Please keep the images out and set down the data exactly as given.

Data section Start Marker

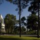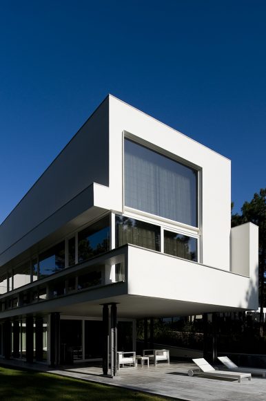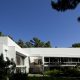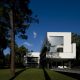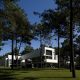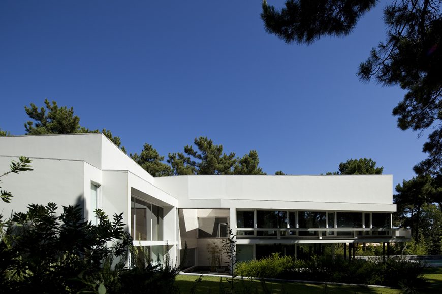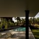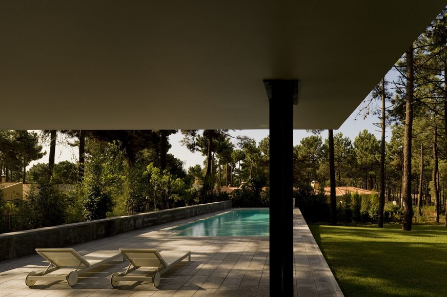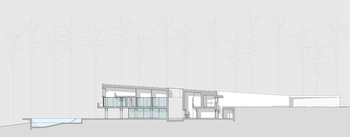 As the natural slope of land goes down, the roof goes up, and the house shifts from a ground-based situation to a floating one, supported by the delicate metal columns and drawing a trail across the garden down to the pool.
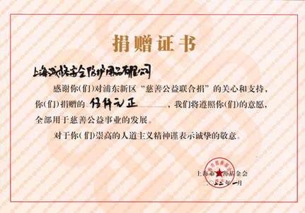 捐贈證書-上海市慈善基金會浦東
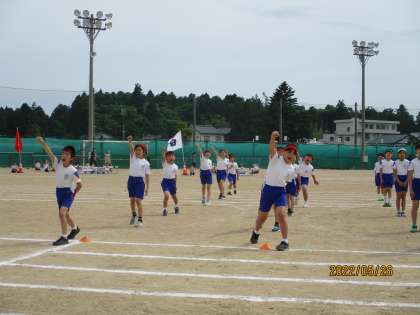4年生「運動会がんばったよ!ー4年生の部ーNo.1」 公開日 2022/05/26 更新日 2022/05/26 第4学年 今日は、運動会の4年生の部でした。6年生の応援を受け、子供たちは80m走やビックタイフーン、選抜リレーに全力で取り組むことができました。 運動会を終えた子供たちは、やり切ったという達成感でいっぱいでした。

Data section End Marker

◆ Answer below
 As the natural slope of land goes down, the roof goes up, and the house shifts from a ground-based situation to a floating one, supported by the delicate metal columns and drawing a trail across the garden down to the pool.
 捐贈證書-上海市慈善基金會浦東
4年生「運動会がんばったよ!ー4年生の部ーNo.1」 公開日 2022/05/26 更新日 2022/05/26 第4学年 今日は、運動会の4年生の部でした。6年生の応援を受け、子供たちは80m走やビックタイフーン、選抜リレーに全力で取り組むことができました。 運動会を終えた子供たちは、やり切ったという達成感でいっぱいでした。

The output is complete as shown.